Batuan yang terdeformasi didalamnya dijelaskan sebagai akibat menyempitnya
cekungan karena terus menurunnya cekungan, sehingga batuan terlipat dan tersesarkan.
Pergerakan yang terjadi adalah pergerakan vertikal akibat gaya isostasi.
Teori ini mempunyai kelemahan tidak mampu menjelaskan asal-usul aktivitas vulkanik
dengan baik dan logis. Keteraturan aktivitas vulkanik sangatlah tidak bisa dijelaskan dengan
teori geosinklin.
Pada intinya, golongan ilmuwan menganggap bahwa gaya yang bekerja pada bumi
merupakan gaya vertikal. Artinya, semua deformasi yang terjadi diakibatkan oleh gaya utama
yang berarah tegak lurus dengan bidang yang terdeformasi.

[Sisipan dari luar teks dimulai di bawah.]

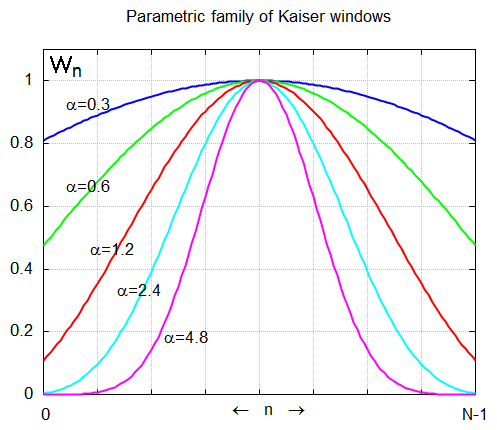 Kaiser Window Function for different alpha values.
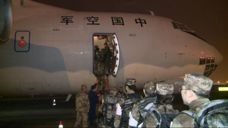 Third Military Medical University medical team boarding Il-76 aircraft

Teori Pengapungan Benua (Continental Drift)
Tahun 1912, Alfred Wegener seorang ahli meteorologi Jerman mengemukakan konsep
Pengapungan Benua (Continental drift) dalam bukunya “The Origin of Continents and
Oceans”. Hipotesa utamanya adalah satu super continent yang disebut Pangaea (artinya
semua daratan) yang dikelilingi oleh Panthalassa (semua lautan). Selanjutnya, hipotesa ini
mengatakan 200 juta tahun yang lalu Pangaea pecah menjadi benua-benua yang lebih kecil.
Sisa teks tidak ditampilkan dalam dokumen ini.